Séculos atrás, o astrônomo Galileu Galilei (1564-1642) já atestava que a condição natural dos corpos não é o repouso, mas o movimento — "Eppur si muove!", teria dito ao confirmar a tese do heliocentrismo. Na Terra tal qual no cosmos, os corpos precisam de movimento. Se as atividades físicas forem feitas corretamente, acompanhadas do apoio de um profissional capacitado, elas podem — e devem — trazer múltiplos benefícios.
De acordo com a Organização Mundial de Saúde (OMS), a prática de atividade física permite a prevenção e o tratamento de doenças crônicas não transmissíveis, bem como o controle de doenças cardíacas, diabetes, câncer e depressão.
O Ministério da Saúde produziu em 2022 um relatório com os indicadores de prática de atividade física dos brasileiros entre 2006 e 2021 em todas as capitais. Segundo o relatório, a frequência de adultos que praticam pelo menos 150 minutos de atividade física moderada por semana aumentou de 30,3% (2009) para 36,7% (2021).
Existe, porém, um outro lado, ao qual toda pessoa está vulnerável: atletas de alto rendimento ou de fim de semana correm risco de lesões.

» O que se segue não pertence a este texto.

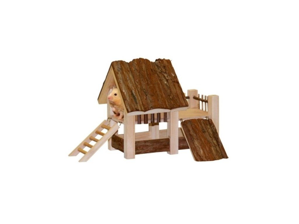 Hezká prolézačka a domek pro křečka, myš nebo jiného malého hlodavce. Dřevěný domek vyrobený ze dřeva.

Segundo o fisioterapeuta esportivo João Paulo Frota, as lesões mais comuns são:
João acrescenta que "o perfil da lesão varia conforme a modalidade praticada". "A lesão de um atleta de futebol não é a mesma que a de um praticante de CrossFit", exemplifica.
Fato é que o consenso entre todos os especialistas ouvidos pelo O POVO é que os principais causadores de lesões são evitáveis: excessos, descuidos, falta de acompanhamento profissional.
Paulo Roberto Fernandes, graduado em educação física pela Universidade do Rio de Janeiro (UFRJ), e especialista em Treinamento Desportivo na Universidade Veiga de Almeida, considera que a falta do acompanhamento de um profissional capacitado durante a realização de uma atividade física aumenta, consideravelmente, o risco de uma lesão.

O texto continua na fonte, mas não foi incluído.